Task to complete –
Repeat each line of the material below exactly as it appears, minus any pictures.

::::

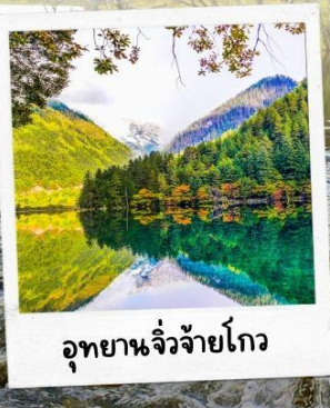
อุทยานจี๋จ้ายโกว
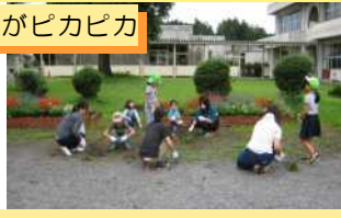
早朝より多くのご参加ありがとうございました
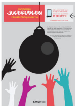
SMS-julekalender BØRN & UNGE

Plakat A2 PDF. SMS-julekalenderen "Julen er hjerternes fest" af Merete Pryds Helle.
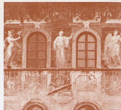
Fig. 612* ci-dessus. De nos jours, on voit encore, ici et là en Italie, des maisons du XVI e siècle dont la façade porte des vestiges de peintures ornementatives à fresque représentant des personnages ou des sujets profanes ou religieux.
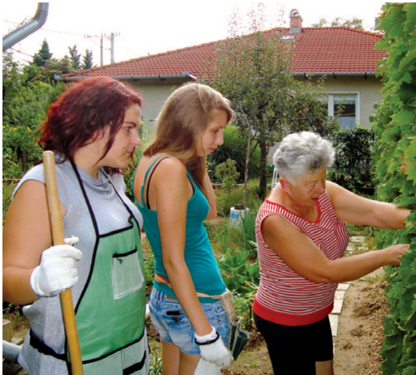
A program során növényeket ültetnek, fásítanak és különféle kertészeti munkákat végeznek a diákok

Változatos iskolai és szabadidős programokat szerveznek

::::

Result of the task –
อุทยานจี๋จ้ายโกว
早朝より多くのご参加ありがとうございました
SMS-julekalender BØRN & UNGE

Plakat A2 PDF. SMS-julekalenderen "Julen er hjerternes fest" af Merete Pryds Helle.
Fig. 612* ci-dessus. De nos jours, on voit encore, ici et là en Italie, des maisons du XVI e siècle dont la façade porte des vestiges de peintures ornementatives à fresque représentant des personnages ou des sujets profanes ou religieux.
A program során növényeket ültetnek, fásítanak és különféle kertészeti munkákat végeznek a diákok

Változatos iskolai és szabadidős programokat szerveznek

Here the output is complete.